A point mutation (1555G) in the smaller ribosomal subunit of the mitochondrial DNA (mtDNA) has been associated with maternally inherited traits of hypersensitivity to streptomycin and sensorineural deafness in a number of families from China, Japan, Israel, and Africa. To determine whether this distribution was the result of a single or multiple mutational events, we carried out genetic distance analysis and phylogenetic analysis of 10 independent mtDNA D-loop sequences from Africa and Asia. The mtDNA sequence diversity was high (2.21%). Phylogenetic analysis assigned 1555G- bearing haplotypes at very divergent points in the human mtDNA evolutionary tree, and the 1555G mutations occur in many cases on race-specific mtDNA haplotypes, both facts are inconsistent with a recent introgression of the mutation into these races. The simplest interpretation of the available data is that there have been multiple origins of the 1555G mutation. The genetic distance among mtDNAs bearing the pathogenic 1555G mutation is much larger than among mtDNAs bearing either evolutionarily neutral or weakly deleterious nucleotide substitutions (such as the 4336G mutation).
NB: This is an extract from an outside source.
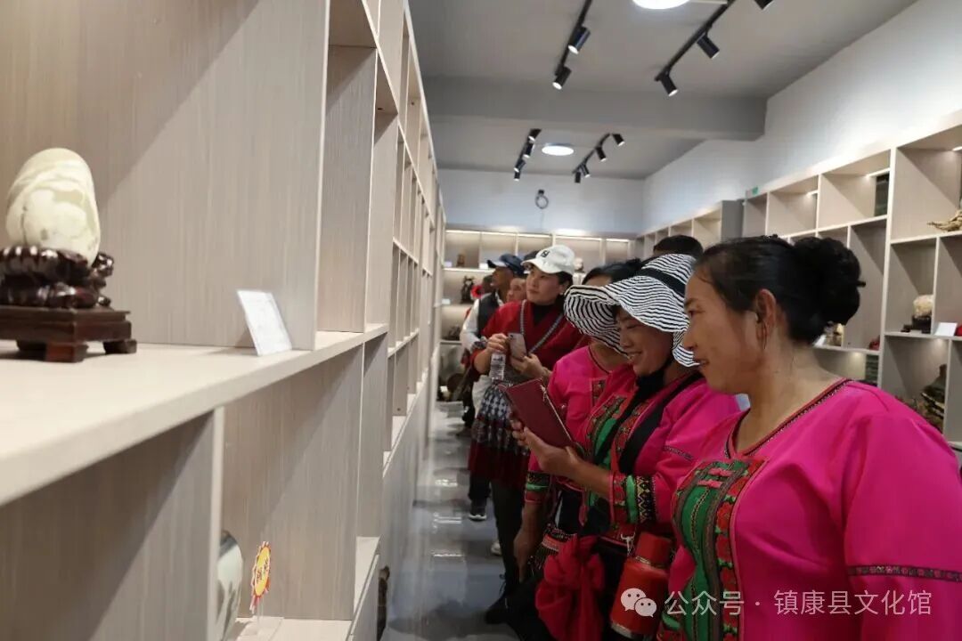 文化体验:赏奇石之美,品非遗之韵。展演结束后,与会人员一同步行至碧寨奇石馆参观。馆内陈列的各类天然奇石,与非遗歌舞形成了“静”与“动”的美妙对话,展示了碧寨乡自然与人文交相辉映的独特魅力。参观过程中,两地非遗传承人边走边交流,不时停下脚步即兴对歌,现场气氛轻松愉快。

These results are consistent with the view that pathogenic mtDNA haplotypes such as 1555G arise on disparate mtDNA lineages which because of negative natural selection leave relatively few related descendants. The co-existence of the same mutation with deafness in individuals with very different nuclear and mitochondrial genetic backgrounds confirms the pathogenicity of the 1555G mutation.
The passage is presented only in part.